Conventionally, cement-based materials (i.e. concrete and the like) having excellent mechanical properties (i.e. compressive strength, bending strength and the like) have been developed.
For example, in the “Claims” of Japanese Patent Publication No. 59182/1985, a hydraulic composite material which includes “inorganic solid particles A” having a diameter of 50 Å to 0.5 μm (for example, silica dust particles), “solid particles B” having a diameter which is 0.5 to 100 μm and which is larger than that of “particles A” at least by one order (for example, particles including at least 20 weight % of portland cement), a surface-activating dispersant (for example, a concrete superplasticizer such as a highly condensed naphthalene sulfonic acid/formaldehyde condensate), and an “additional material C” (for example, at least one selected from the group consisting of sand, stone, metallic fibers and the like).
The hydraulic composite material described in this gazette has compressive strength of at least 100 MPa after hardening and has excellent mechanical properties (see Table 1 in the sixty-third column in page 32 of the gazette).
Generally, a cement composition (for example, concrete and the like) having excellent mechanical properties (i.e. compressive strength, bending strength and the like) as described in the above-mentioned gazette has the following advantages.
(a) When a building or the like is constructed by using the cement composition having excellent mechanical properties in a method of cast-in-place, concrete layers can be thin. Thus the reduction of the amount of concrete, the saving of labor, the cost reduction, the increase of available space and the like can be achieved.
(b) When a precast member is produced by using the cement composition having excellent mechanical properties, the precast member can be thin. Thus the weight reduction, the easiness of transportation and construction, and the like can be achieved.
(c) Wear resistance, durability against neutralization or creeping, and the like can be improved.
The hydraulic composite material described in the above-mentioned Japanese Patent Publication No. 59182/1985 can be preferably used in view of the advantages (a)-(c).
However, it is further desired that a self-filling property is achieved in addition to the properties of the hydraulic composite material described in the above-mentioned gazette.

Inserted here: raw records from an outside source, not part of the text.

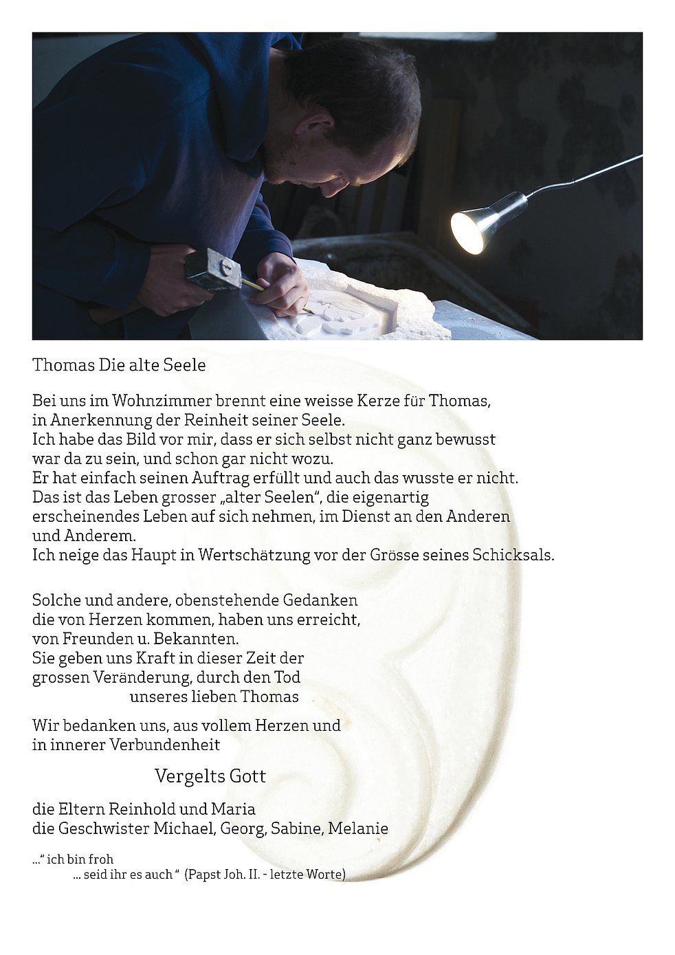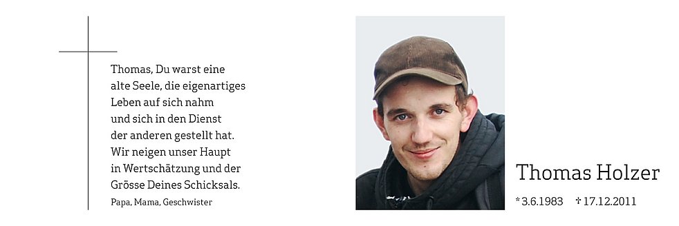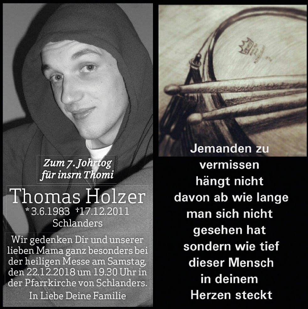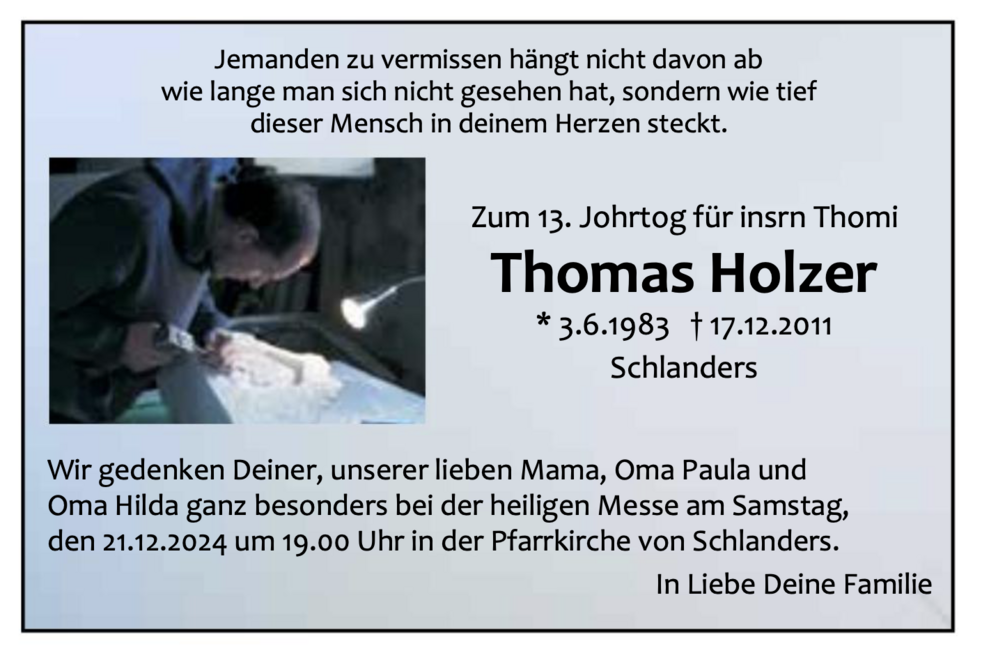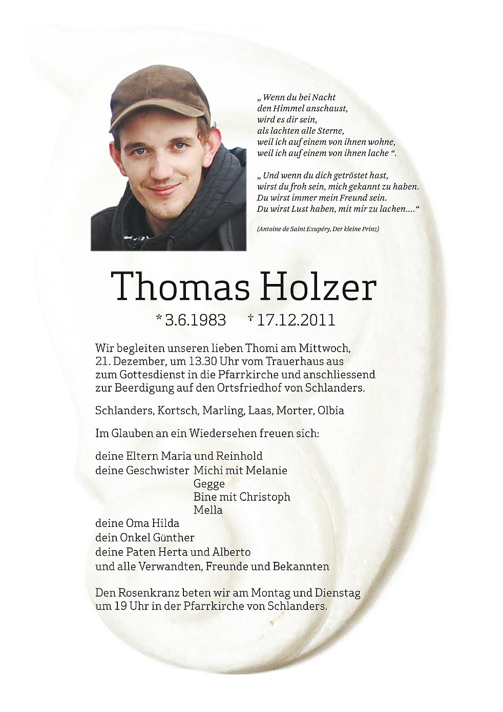 Wir begleiten unseren lieben Thomi am Mittwoch, 21. Dezember, um 13.30 Uhr vom Trauerhaus aus zum Gottesdienst in die Pfarrkirche und anschliessend zur Beerdigung auf den Ortsfriedhof von Schlanders.
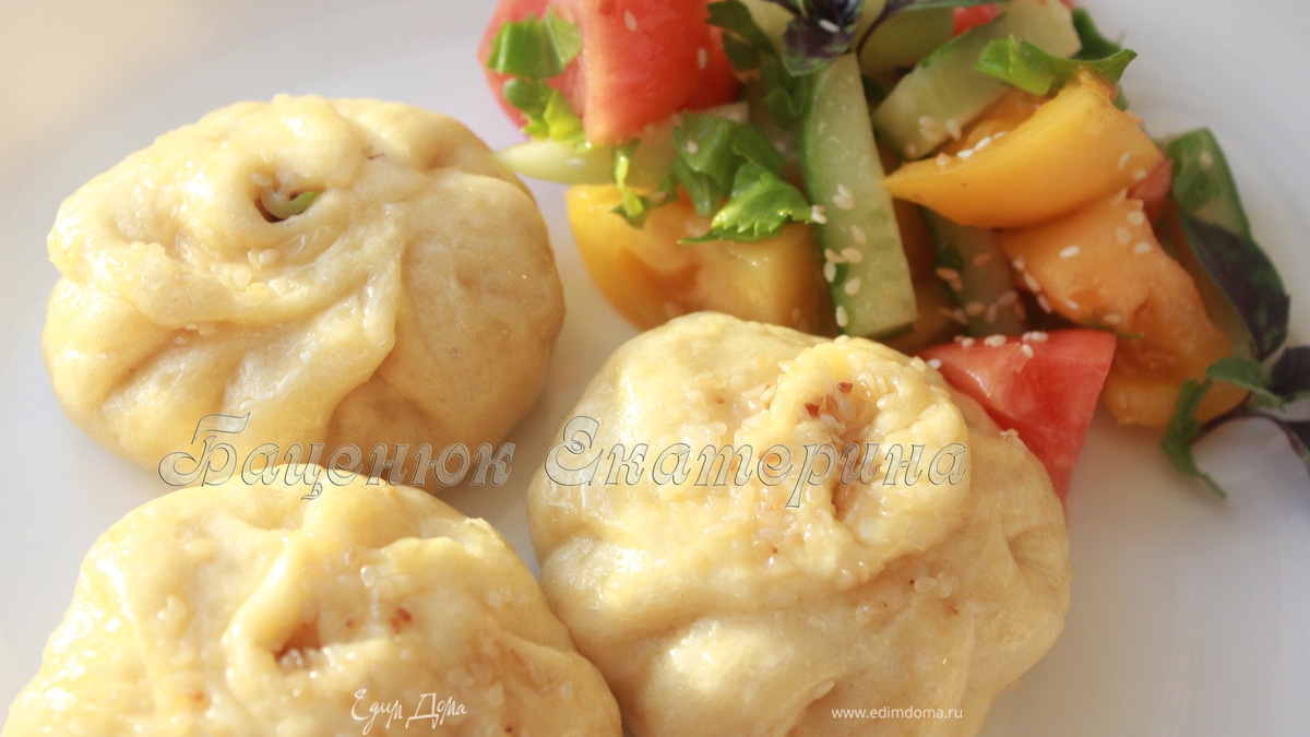Подавайте «мешочки» с салатом из любых сезонных овощей, слегка сбрызнув его соевым соусом и посыпав кунжутом. Приятного аппетита!
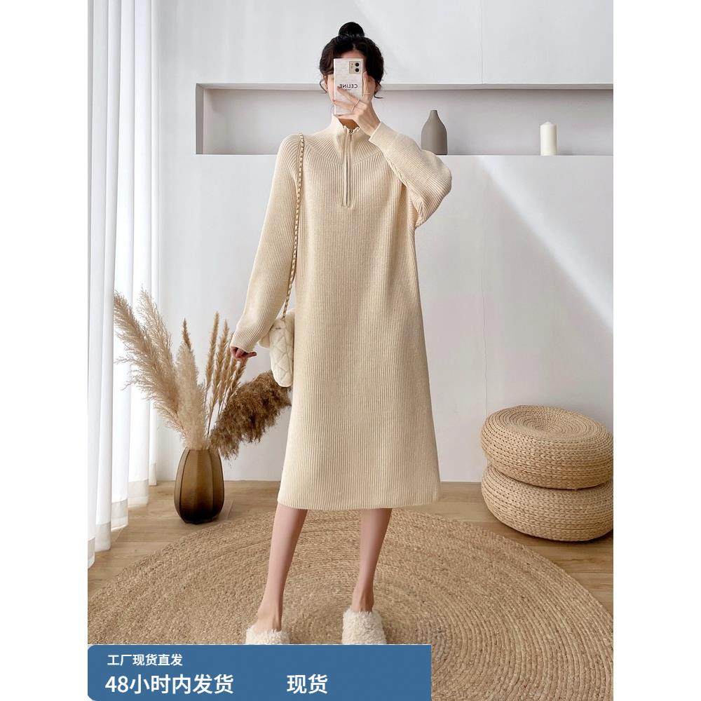 加厚毛衣裙女冬裙小个子秋冬宽松显瘦打底羊毛裙子过膝针织连衣裙
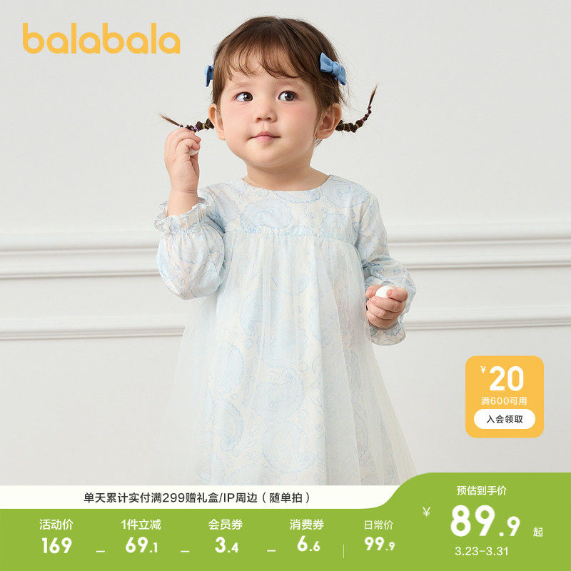 【balaOne】巴拉巴拉童装女童连衣裙2025新款春装网纱裙甜美洋气
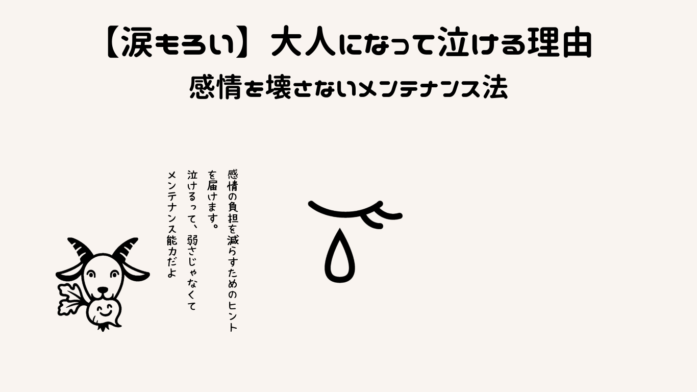 「泣いちゃダメ」ではなく、「これは心のメンテナンス中」と考えると、

Namely, when a building or the like is constructed in a method of cast-in-place, or when a precast member is produced, it is advantageous that a hydraulic composite material having excellent fluidity and material separation resistance (namely, a hydraulic composite material having a self-filling property) is used in view of the reduction of the time required for casting a hydraulic composition such as concrete and the like, and the reduction of the time required for applying vibration to the concrete or the like after casting.
On this point, it is difficult to improve both the properties before hardening such as fluidity and material separation resistance, and the mechanical properties after hardening such as compressive strength, bending strength and the like simultaneously with regard to the hydraulic composite material disclosed in the above-mentioned Japanese Patent Publication No. 59182/1985. For example, when compressive strength over 130 MPa is desired, or when fibers are blended for improving bending strength, the ratio of water/binding material must be no larger than 0.20. Thus the fluidity lowers, and a self-filling property cannot be achieved. On the other hand, when a self-filling property is attempted to be obtained, the ratio of water/binding material, and the amount of a water reducing agent increase so greatly that it is difficult to express compressive strength over 130 MPa.